Léo  CHAULIAC - Edward  CHEKLER - Noël  CHIBOUST - Bob  CHRISLER  - Chico  CHRISTOBAL - René  CLOEREC - COCOS  et  ses  Tsiganes - Bill  COLEMAN - COLLEGE  RYTHME - Paul COLLOT - Alix  COMBELLE - Roger  CONSTANT - CONTANCELLI - Harry  COOPER - André CORNILLE - COSTIA - Raoul  COURDESSE -- Chico  CRISTOBAL - Jean-Pierre DARIEL - Roby DAVIS - Claude  DEBUSSY - DELMON
  
Léo  CHAULIAC    Piano   Chef d'orchestre  
Né le 6 février 1913  à Marseille
Salle  GAVEAU (1941 / 1944)  CHEZ  Jane  STICK (1943)
Léon, dit Léo CHAULIAC commence ses études de piano au Conservatoire de Marseille où il obtient un premier Prix au bout de deux ans. Puis, il vient à Paris où il travaille avec José ITURBI et surtout sa sœur Amparito ITURBI et suit les cours du Conservatoire Supérieur de Musique. Il est admis le 15 novembre1930 dans la classe de piano de Mr RIERA qu'il suivra jusqu'en 1935. Il a obtenu en 1931 la 2ème Médaille de solfège, en 1932 le 2ème accessit de piano et en 1933, le 1er accessit de piano.

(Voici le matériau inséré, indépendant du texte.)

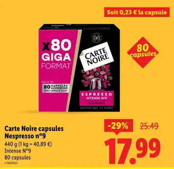 Offre Carte noire capsules nespresso intense n°9 chez Lidl
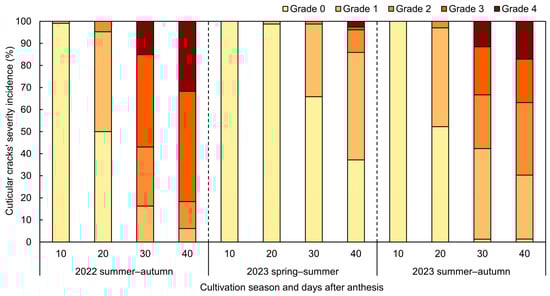 Time–course of changes in cuticular cracks’ severity incidence in developing ‘Nene’ fruits classified by cultivation season. Grade 0 (fruits without cuticular cracks). Grade 1 (fruits with cuticular cracks, approximately <300 µm in length, with most cuticular cracks not connected to each other). Grade 2 (fruits with cuticular cracks, having a maximum length of approximately >300 µm, with half of cuticular cracks not connected to each other). Grade 3 (fruits with cuticular cracks connected to each other, with approximately half of the field of view covered with connected cuticular cracks). Grade 4 (fruits with cuticular cracks, forming a net-like structure, with almost the entire fruit surface under view covered with cuticular cracks).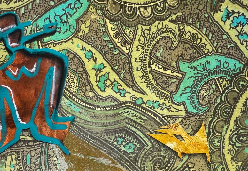 „Geschenkt“, sagte sie und schon hatte ich dieses verrückte Teil. Es duftete nach Hippiezeit und erinnerte mich an die Songs und die wilden Feste. Puff the magic dragon – tanzen, philosophieren, lieben, Musi machen, Nächte durchwildern. Schlaghosenweit flatterte das Teil im warmen Maroccowind. Ein bisschen verdrehten sich die Augen beim lange Hinschauen und es war nicht so ganz klar woran es lag, am Muster oder am Rauch. Später haben wir das Dragon-Lied umgeschrieben und gesungen:
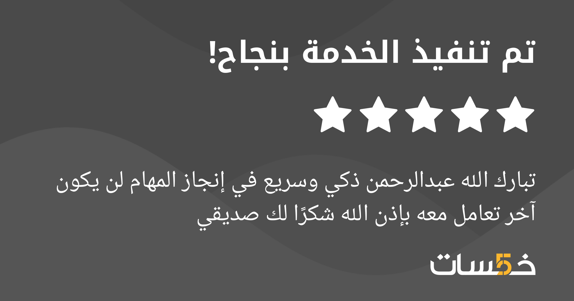 تبارك الله عبدالرحمن ذكي وسريع في إنجاز المهام لن يكون آخر تعامل معه بإذن الله شكرًا لك صديقي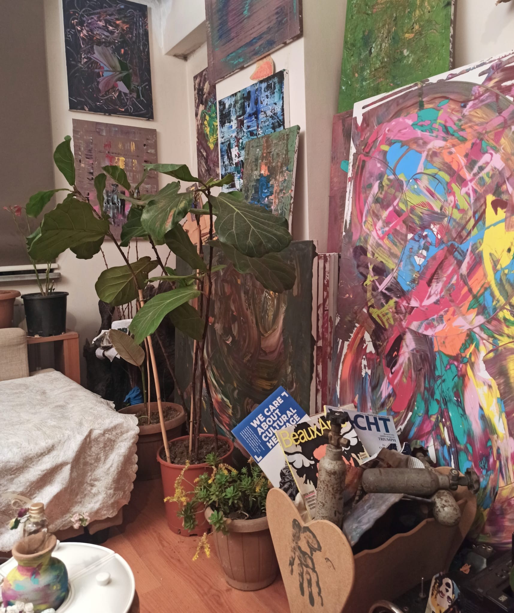 Zaman zaman ziyaret ettiğim atölyesinde yalnızca fırça ve boya yok; ahşap, metal, cam, sedef ve eski mobilya parçaları da vardır. “Atık yoktur; yalnızca henüz yeni anlamını bulmamış malzeme vardır.” Bu anlayışla eserleri, bir resim olmanın ötesinde, hayat döngüsünün yeni halkasına dönüşür.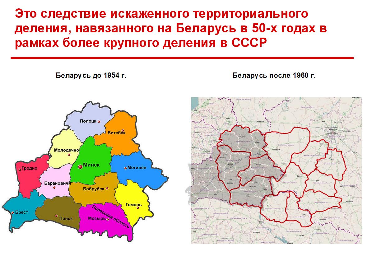 Вот на этом слайде Беларусь после 1960-го года надо наложить не на наше деление АТД, а на то деление, что было до 1954 года (слева). Вероятно, чтобы сделать это толково карту фо 1954 придется перерисовать самим.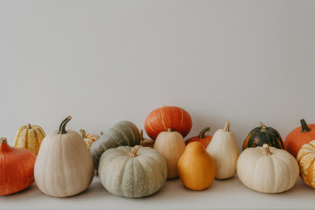 Minimalist fall background with various pumpkins set in a row, autumn concept with blank space for a text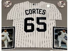 Autographed and framed Nestor Cortes jersey with the inscription "Nasty Nestor" and "2022 All Star."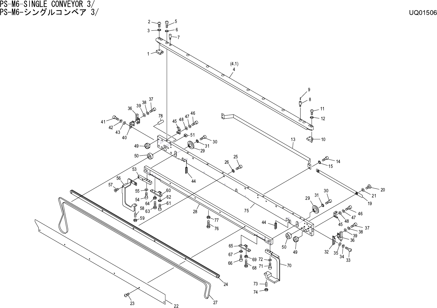 PS-M6-SINGLE CONVEYOR 3/ PS-M6- シングルコンベア 3/ UQ01506 No. Drg.No. & Code No. QTY Description Rating Materials Remark 番号 図番 & コード番号 個数 品名 規格 材質 備考 1 PM01952 1 GUIDE ガイド FE 2 K5255H 2 SCREW, HEX SOCKET BUTTON 小ネジ 六角…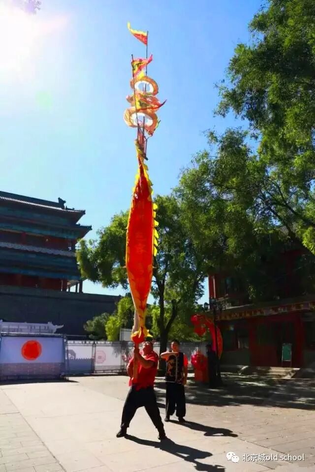 请来的都是天桥各路绝活儿的正经传人,傅文刚的祖师爷是天桥的王小辫儿和宝三儿,这可是清末民初天桥响当当的大人物,而老北京中幡正是打清宫传出来的,中幡,北京人看的是绝活儿,比方拿牙叼着,50斤的中幡就靠着一口牙,甭看就是一根儿大竹竿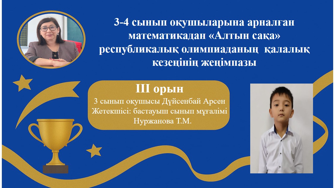 14 қараша күні 3 - 4 сыныптар арасында математикадан "Алтын сақа" республикалық олимпиаданың қалалық кезеңінің жеңімпаздарын құттықтаймыз!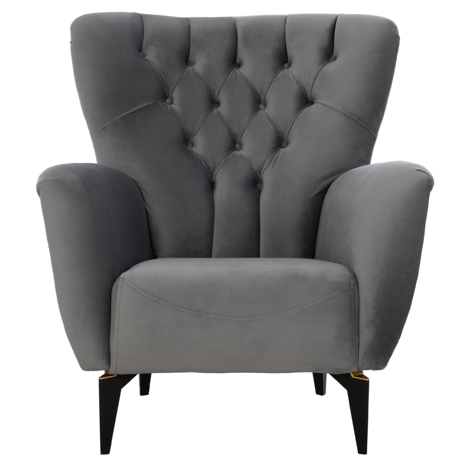 Αυτή είναι η μπερζέρα ΗΜ9217.20 σε ΓΚΡΙ χρώμα και πόδια πολυπροπυλενίου σε μαύρο χρώμα με χρυσές λεπτομέρειες. Το χαρακτηριστικό που κάνει αυτή την πολυθρόνα να ξεχωρίζει είναι ότι η τεχνοτροπία της είναι σε στυλ Chesterfield, πράγμα που δίνει την αίσθηση κύρους και πολυτέλειας οπουδήποτε κι αν χρησιμοποιηθεί. Το κύριο χαρακτηριστικό αυτής της μπερζέρας, είναι η επένδυση με βελούδινο ύφασμα, το οποίο στην πλάτη είναι σε βαθιά καπιτονέ τεχνοτροπία, υπηρετώντας το στυλ Chesterfield.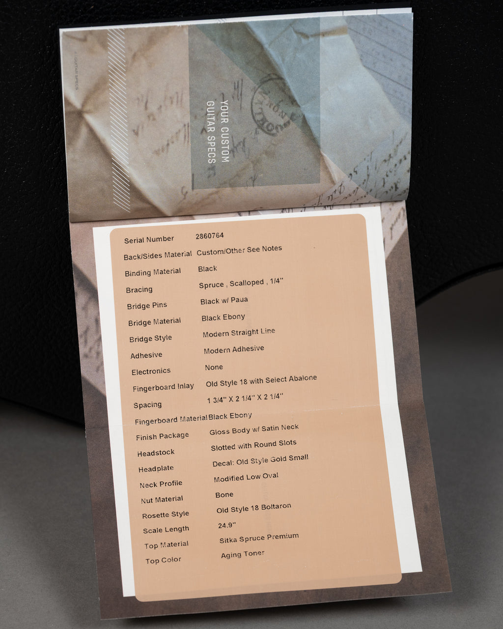 - Top: Premium Sitka Spruce (Aging Toner Finish)

Il se met au jazz et joue alors dans un club parisien, Le FETICHE, rue Fontaine. En 1934 / 1935, il est pianiste dans l'orchestre GREGOR et ses Grégoriens. Il fait ensuite des tournées avec des orchestres commerciaux comme celui d'Eddie FOY. Avec ce dernier, il se produit, fin 1936, au BŒUF  sur  le  TOIT. Il joue en 1937 au SWING  TIME au sein de l'orchestre d'André EKYAN (où figure aussi le guitariste Marcel BIANCHI). En 1938, il fait la connaissance de Charles TRENET et travaille avec lui jusqu'en 1943 comme pianiste accompagnateur et il compose des chansons.
En 1939, il participe à l'élaboration de la mélodie : La mer, mais, absent le jour de la présentation aux Editions Raoul Breton, c'est Albert LASRY, pianiste des Editions qui cosignera avec TRENET la musique de ce futur succès international.

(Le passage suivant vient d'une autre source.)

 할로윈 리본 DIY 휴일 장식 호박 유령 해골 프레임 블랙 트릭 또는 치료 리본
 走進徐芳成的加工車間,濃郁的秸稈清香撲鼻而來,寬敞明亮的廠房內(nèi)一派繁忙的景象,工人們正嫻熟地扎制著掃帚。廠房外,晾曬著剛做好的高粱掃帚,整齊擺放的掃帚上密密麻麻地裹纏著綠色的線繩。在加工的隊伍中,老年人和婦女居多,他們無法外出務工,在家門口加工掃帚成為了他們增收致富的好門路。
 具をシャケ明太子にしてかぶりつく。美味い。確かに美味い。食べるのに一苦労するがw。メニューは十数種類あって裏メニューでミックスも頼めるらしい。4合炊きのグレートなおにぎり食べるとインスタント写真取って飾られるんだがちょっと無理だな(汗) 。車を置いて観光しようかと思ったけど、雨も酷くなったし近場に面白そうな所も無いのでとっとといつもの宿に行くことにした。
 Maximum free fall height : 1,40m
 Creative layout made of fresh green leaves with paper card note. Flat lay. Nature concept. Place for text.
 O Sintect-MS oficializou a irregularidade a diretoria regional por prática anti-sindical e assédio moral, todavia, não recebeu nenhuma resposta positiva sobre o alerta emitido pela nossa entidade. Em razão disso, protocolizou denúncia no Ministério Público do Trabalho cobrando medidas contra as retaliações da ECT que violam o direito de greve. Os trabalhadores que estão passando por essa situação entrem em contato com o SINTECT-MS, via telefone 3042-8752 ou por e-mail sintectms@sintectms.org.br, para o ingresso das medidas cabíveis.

Parmi les chansons écrites par Léo CHAULIAC, notamment pour Charles TRENET : Marie Marie, Tout ça c'est pour moi, Que reste-t-il de nos amours? En février 1941, il fait partie du Quintette du Hot Club de France qui accompagne le " fou chantant " lors d'un enregistrement.
Il enregistre en novembre 1944 au sein de la grande formation de Django REINHARDT : Django's Music et de celle de Noël CHIBOUST.

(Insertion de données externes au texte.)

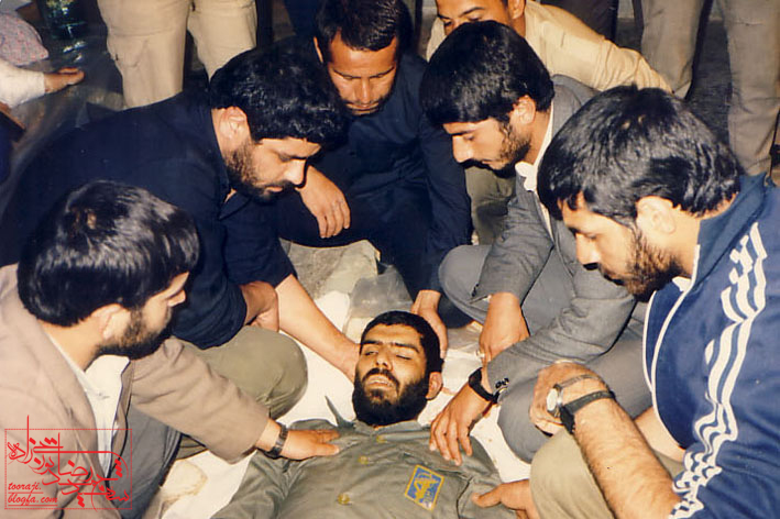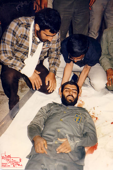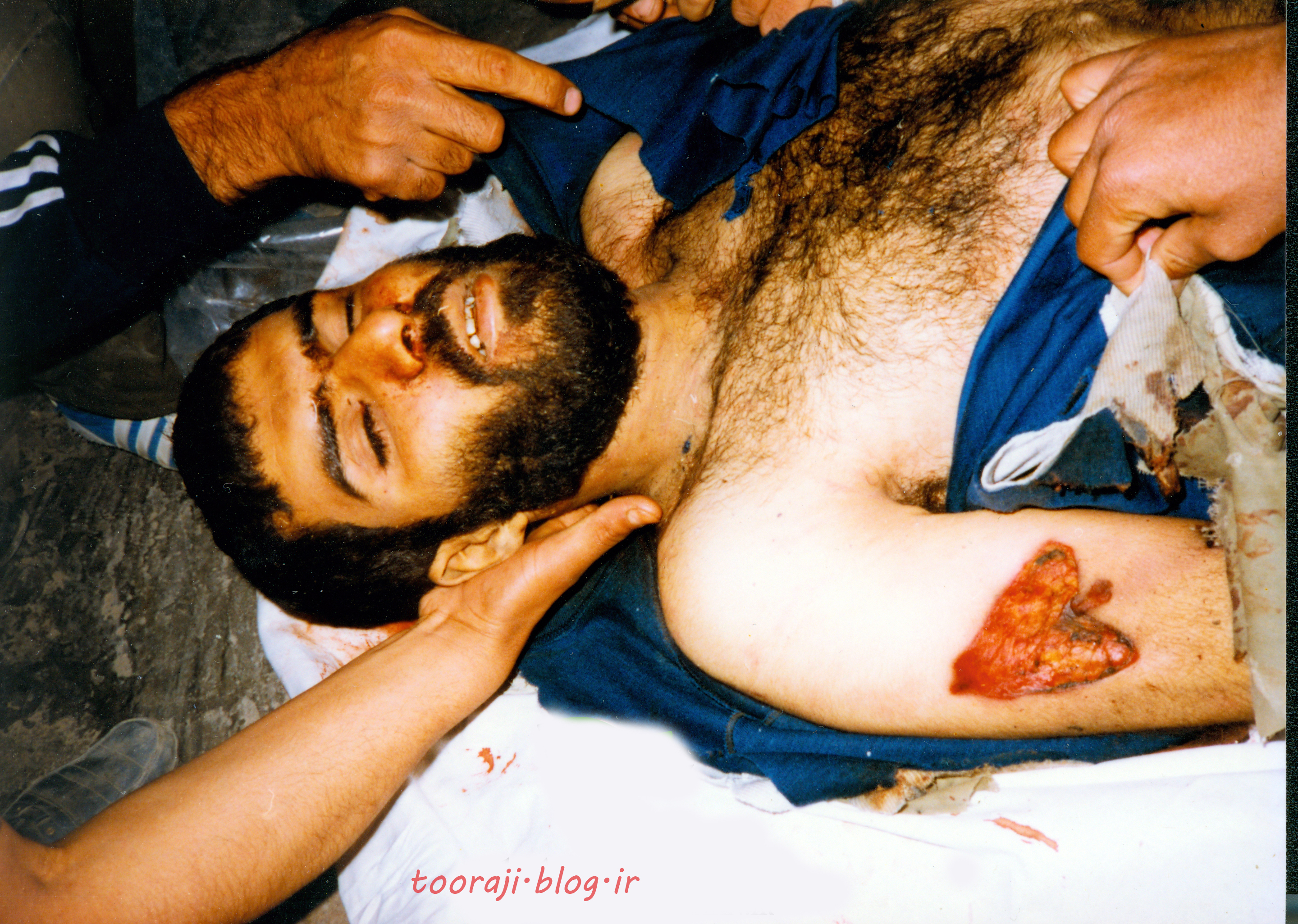 ترکش خمپاره به بازوی راست و قسمت چپ پهلو اصابت کرده بود . طبق وصیت لباسهای او را عوض کردیم .

A la Libération, Léo CHAULIAC fait partie de l'orchestre du SCHUBERT avec André EKYAN, Emmanuel SOUDIEUX, Pierre FOUAD et Henri CROLLA. Il figure également dans la formation d'Alix COMBELLE  CHEZ Jane  STICK  (avec notamment Armand MOLINETTI  - Drums, Lucien GALOPAIN - Guitare, Lucien SIMOENS - Contrebasse). Il sera aussi, en 1945, le professeur de Claude BOLLING. Dans les années 40, il donne des concerts de jazz à GAVEAU et à l'ECOLE  NORMALE  de  MUSIQUE, notamment avec Emmanuel SOUDIEUX et Pierre FOUAD. Il se produit en trio en 1946 CHEZ  CARRERE  et au PALM  BEACH  à Cannes (où jouent aussi trois autres ensembles dont Ray VENTURA et son orchestre).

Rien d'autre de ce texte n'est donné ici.